Source information:
%%
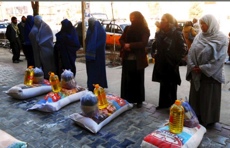
Food distribution in Chalou Camp

traditionally marginalized in Afghan society, often living in camps and making a living by begging; the men offer themselves as day laborers, but hardly find employment in these corona times. We have been working with the people in the "Chaman Babrak" camp in Kabul for years, have set up a drinking water supply there with a deep well, give them food, firewood, and sometimes winter clothing every winter. When in the extremely cold January 2020 25 women and 50 children had already frozen to death, we started a call for help, because we lacked the money. As a result, we received generous donations and were able to prevent the very worst by distributing food and firewood. In the meantime, people have been trained in the necessary corona hygiene measures, and we were
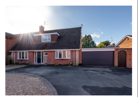
Strathmore, Shaw Lane, Albrighton
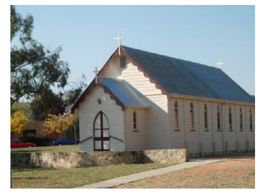
Figure 4. Sacred Heart Church from NW (Truscott 11/4/08)
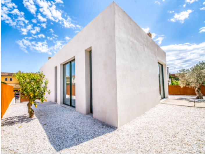
Rear view and outdoor area
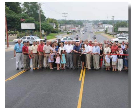
Highway 69, Batesville
%%
Exercise details: Copy out only the lines from the one containing "Figure 4. Sacred" to the end of the entries, unchanged. Drop the pictures.

Result for this exercise:
Figure 4. Sacred Heart Church from NW (Truscott 11/4/08)
Rear view and outdoor area
Highway 69, Batesville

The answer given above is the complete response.